Astruct可以自动分配，但您使用的指针struct不会为目标分配空间struct。所以这就是你得到段错误的原因。

The reason your initialization is incorrect is that you are initializing structmembers, not the structitself. Also you are doing this in a wrong way.

您的初始化不正确的原因是您正在初始化structmembers，而不是它struct本身。此外，您以错误的方式执行此操作。

There are 2 ways for initializing a struct:

有两种初始化 a 的方法struct：

1. Using stack allocated struct:

   struct example {
     int foo;
   };
   int main() {
     struct example e;
     e.foo=1;
   }
   

2. Using heap allocated structwith help of malloc():

   struct example {
     int foo;
   };
   int main() {
     struct example *e=malloc(sizeof(struct example));
     e->foo=1;
   }
   

1. 使用堆栈分配struct：

   struct example {
     int foo;
   };
   int main() {
     struct example e;
     e.foo=1;
   }
   

2. 使用struct在以下帮助下分配的堆malloc()：

   struct example {
     int foo;
   };
   int main() {
     struct example *e=malloc(sizeof(struct example));
     e->foo=1;
   }
   

Please note that when you are assigning value to a member of a structfrom its pointer (heap allocated struct) you have to use '->' but for the normal struct (the stack allocated one) you have to use '.' .

请注意，当您struct从a的指针（分配的堆struct）为 a 的成员赋值时，您必须使用 ' ->' 但对于普通结构（分配的堆栈），您必须使用 ' .' 。

A pointer isn't a struct. It's a number that tells C where the struct is located in memory. Any varible with type NodePtris essentially a number.

指针不是结构。它是一个数字，告诉 C 结构体在内存中的位置。任何具有类型的变量NodePtr本质上都是一个数字。

How does it make sense, then, to set a variable of type NodePtrto a struct? A struct isn't a number!

那么，将类型变量设置NodePtr为结构体有什么意义呢？结构体不是数字！

When you declare it with NodePtr node, it might be set to some undefined value like 0. You can't access that memory, which leads to a segfault. Instead, you locate some memory to use with malloc()and make that variable point there where its fields can be used.

当您使用 声明它时NodePtr node，它可能会被设置为某个未定义的值，例如 0。您无法访问该内存，这会导致段错误。相反，您可以找到一些要使用的内存malloc()，并使该变量指向可以使用其字段的地方。

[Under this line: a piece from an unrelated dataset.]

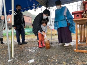 S様 今日は、地鎮祭おめでとうございます。着工が待ちどおしい感じですね
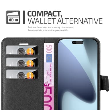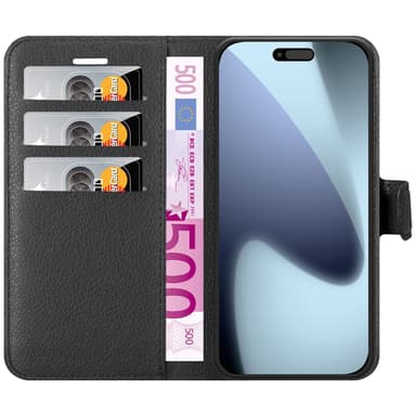 iPhone 17 PRO MAX Suojakuori Lompakkokotelo (Musta)

To respond to potrzebie's comment, it seems to work with strings but that's really just syntactic sugar:

为了回应potrzebie的评论，它似乎适用于字符串，但这实际上只是语法糖：

#include <stdio.h>

int main() {
  char *a = "Does this make sense?";
  printf("%d\n", a); // %u is the correct one, but this is for illustrational purposes

  return 0;
}


> test.exe
4214884

Your assumption is correct: a pointer hasn't memory for the object it is supposed to point on its own, you need to allocate it yourself.

你的假设是正确的：一个指针没有它应该自己指向的对象的内存，你需要自己分配它。

Anyway, as juanchopanza noted: you don't need a pointer and a memory allocation if you're dealing with a local object.

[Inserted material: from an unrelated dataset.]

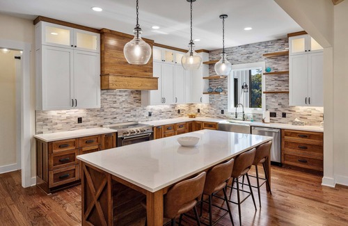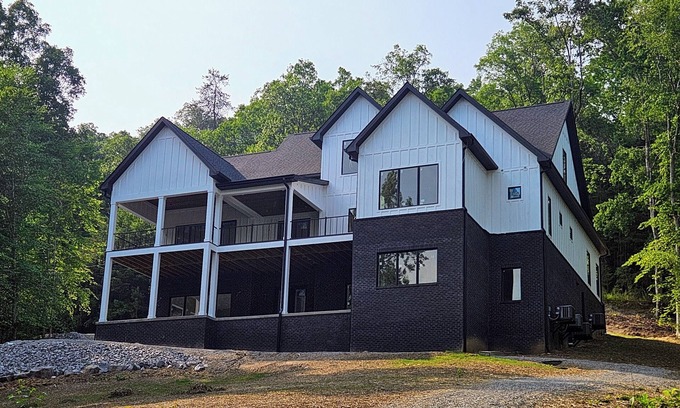 This newly built, gorgeous Cottage sits Lake Front on the iconic Norris Lake, TN. Tucked back in a private cove with over 300' of shoreline. Golf Cart path takes you down to the covered dock for fun in the sun! Golf Cart included in rental. Enjoy the kayak, paddle board, or just relax on the upper deck. Sleeps 24 with 7 bedrooms: first floor Owner's Suite and Mother-In-Law Suite. Second floor: 3 bedrooms with 1 queen bed and 2 Kings. Walk-out basement has two bedrooms: First bedroom boasts a King, second large bedroom with 4 sets of bunk beds, 2 full over full size and 2 twin over twin size. Basement rooms share a full bathroom with tub/shower and large vanity. All bedrooms have a TV except bunk room. We designed the cottage to accommodate 4-6 families very comfortably!

无论如何，正如 juanchopanza 指出的：如果您正在处理本地对象，则不需要指针和内存分配。

Both techniques follow:

这两种技术都遵循：

typedef struct Node {
    void* data;
    int ref;
    struct Node* next;
} Node;
typedef struct Node* NodePtr;

int main() {

        NodePtr node = (NodePtr)malloc(sizeof(Node));
        node->data = 0;
        node->next = 0;
        node->ref = 42;
        printf("%d", node->ref);

        Node obj = {0,42,0}; // this is not on the heap
        printf("%d", obj.ref);

The other syntaxes you tried are notcorrect. Not even part of the language.

您尝试的其他语法不正确。甚至不是语言的一部分。